Он бережно положил на каменный стол холеные руки. И залюбовался совершенной формой пальцев и запястий. Он еще так молод. Столько дел впереди. Ничто подождет, наполняясь теми, кто был рожден до него.
— Что нам делать теперь, наш жрец наш…
Тихий голос Охотника прервался и Видящий, отрываясь от созерцания рук, кивнул:
— Пусть Пастух остается Пастухом, а я буду и дальше Видящим. Что делать? Дождемся тиритов, вычистим лабиринты и начнем новую жизнь.
— Но нас пятеро!
— Ненадолго. Светлая станет рожать сыновей и через полтора десятка лет мы снова станем шестеркой. Они пролетят быстро.
Жрецы с облегчением закивали. Что такое пятнадцать лет для вечноживущих.
— Мы можем начать прямо сейчас, — улыбнулся Видящий, — пока тойры заняты пивом и драками, мы скоротаем время до прибытия тиритов. А там будет много хорошей работы, их нужно обратить, подобрав племени временную шестерку, из самых сильных и сгнивших. Им нужна жестокость, они быстрее и злее тойров. Это нужно учесть.

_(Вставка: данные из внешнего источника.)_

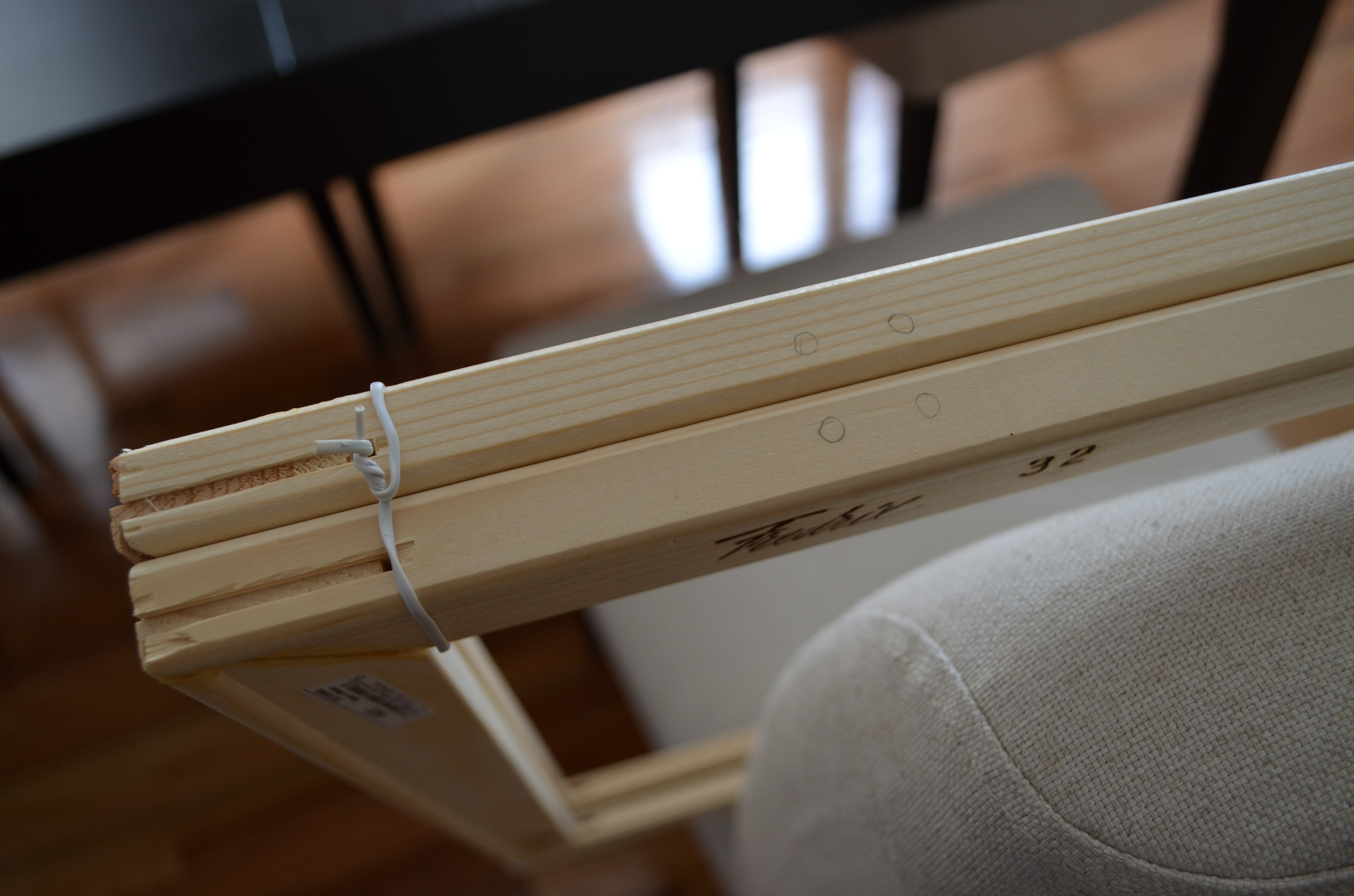 Canvas stretchers are available at art supply stores. If you’re lucky your art supply store may have pre-assembled frames, in which case you can skip this whole first part.

— Да наш жрец, наш Видящий… Да…
— Когда ворвутся в пещеры, вы сами увидите, кто из воинов достоин стать темным. Они будут добивать непокорных, а мы проследим, кто делает это с наибольшим наслаждением.
— Да наш жрец, наш Видящий…
Хаидэ у стены зашевелилась и Видящий обернулся.
— Отрава покидает бедную голову, но она все еще слаба и долго будет послушна.
В пещере Исмы, в то время как Целитель спорил с Пастухом, Тека, оставив мальчиков за плотной занавеской в дальнем углу, расхаживала рядом с постелью, сжимая и разжимая крепкие кулачки. Ахатта следила за ней глазами, качая у груди спящего Торзу. И Убог смотрел то на свою любу, то на умелицу, с готовностью улыбаясь, когда та мрачно взглядывала на него. Наконец, Тека остановилась, уперев руки в бока.
— Сидишь тут! С бабами! А Кос вота снова ушел, и нет его. А ты!
— Он тойр, добрая. Его место рядом с быками.
— А твое, значит, тута? Побег бы, проверил. Боюсь я.
Убог пожал плечами. Собрался что-то ответить, но умелица села на табурет, комкая край юбки.
— Сильно тревожно мне, Пень. Сильно.
— Они справятся, добрая. И должны сами, уже сами.
— Ага, скаламутил мужиков, а теперь вот сами.
— Они сами отвернулись от своих богов. Никто не может вернуть их обратно. Если сами захотят, тогда…
— Пень?
Оба повернулись на звонкий голос Ахатты. Та сидела, прижимая руку ко рту и глядя на бродягу распахнутыми глазами.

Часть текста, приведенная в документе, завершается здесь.